The resolution of light microscopes has been vastly improved by the clever use of a common phenomenon in quantum physics.
By sending entangled light along different paths and recombining its waves, you can look at tiny objects more closely than ever before, effectively doubling the resolution without the usual complications of drastically increasing light output.
It’s accidentally called “quantitative microscopy” (QMC) and was developed by researchers at the California Institute of Technology (Caltech) in the US, who say it’s particularly suited to examining tissues and biomolecules to detect disease or study its spread.

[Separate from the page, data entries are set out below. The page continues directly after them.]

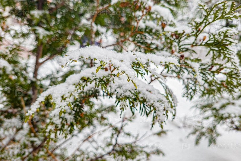 Свежий снег лежит на зеленых ветвях елей. Начало зимы
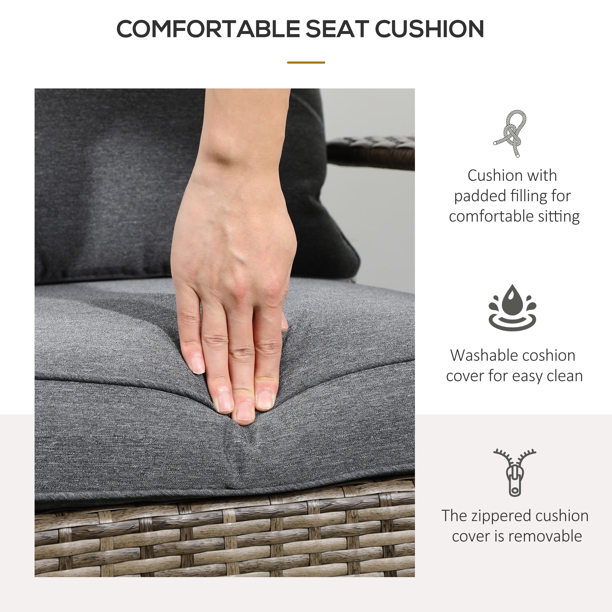 - Its cushion covers are easily removable and machine washable for easy cleaning;
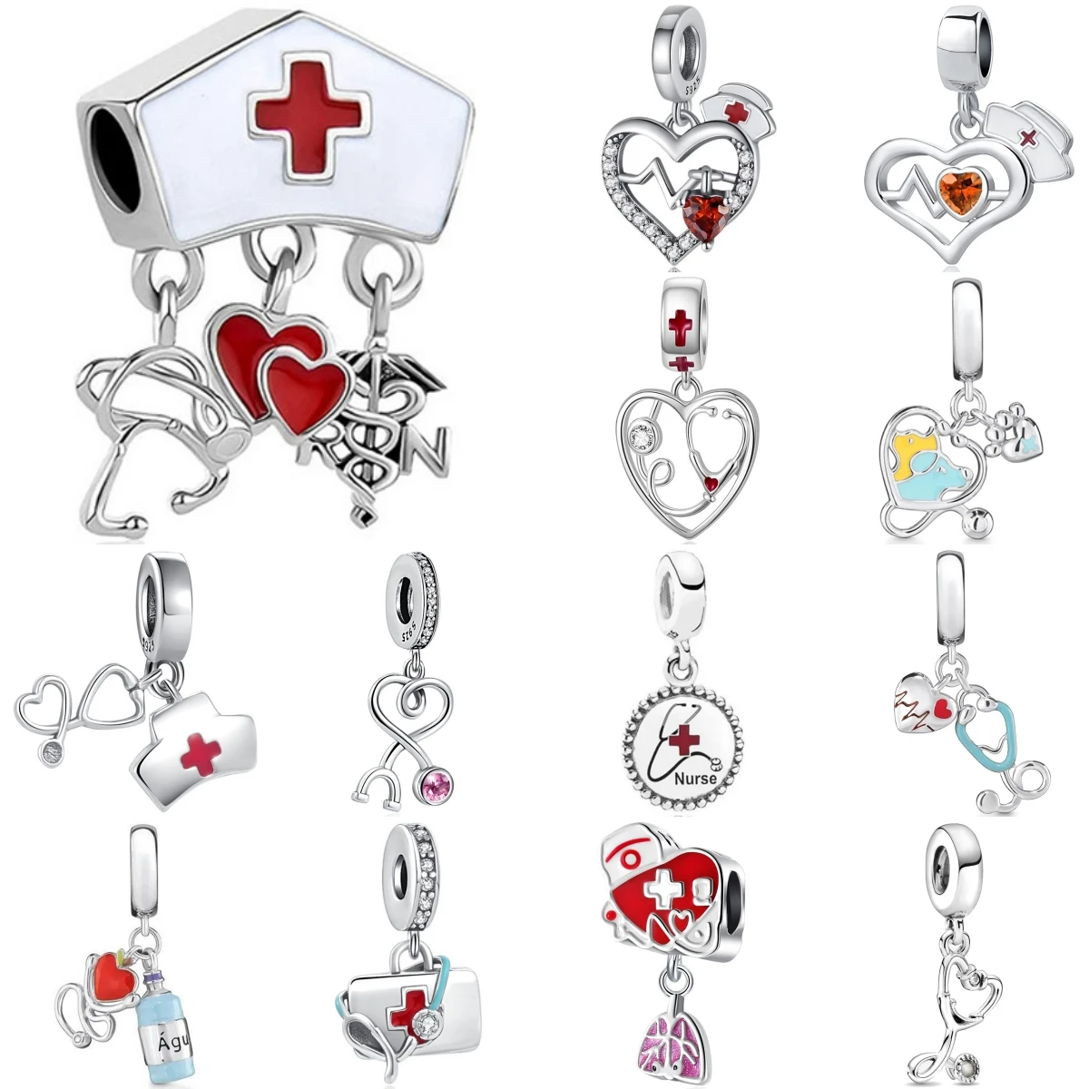 Trinkets 925 Sterling Silver Doctor Nurse Stethoscope Medicine Box Charm Fit Original Brand Bracelet Necklace 925 Jewelry Gift

“The combination of improved speed, improved contrast-to-noise ratio, stronger stray light protection, superior resolution, and low light intensity allows QMC to be used for dynamic imaging,” the researchers wrote in their recently published paper.
Quantum entanglement describes the associations that exist between objects that share a common history before they are discovered. And just like two store-bought shoes are connected to fit right and left feet, particles can also be connected in mathematically different ways. It’s only in a quantum system that things like shoes and electrons don’t actually go into either of those states until they’re observed. These are just opportunities that are best described as a wave.
In QMC, the particles involved were photons, or particles of light known as biphotons, once entangled in a pair.
This was done using a special type of barium beta borate (BBO) crystal. When laser light passes through a crystal, a very small fraction of photons – about one in a million – are converted into two photons. The researchers were then able to separate the biphotons again using a network of mirrors, lenses, and prisms.
One photon passes through the material under study, and the other photon is analyzed. Being entangled, the correlations measured in any photon will also tell something about the flight of its partner. This is the basis for another fairly new technique called ghost photography.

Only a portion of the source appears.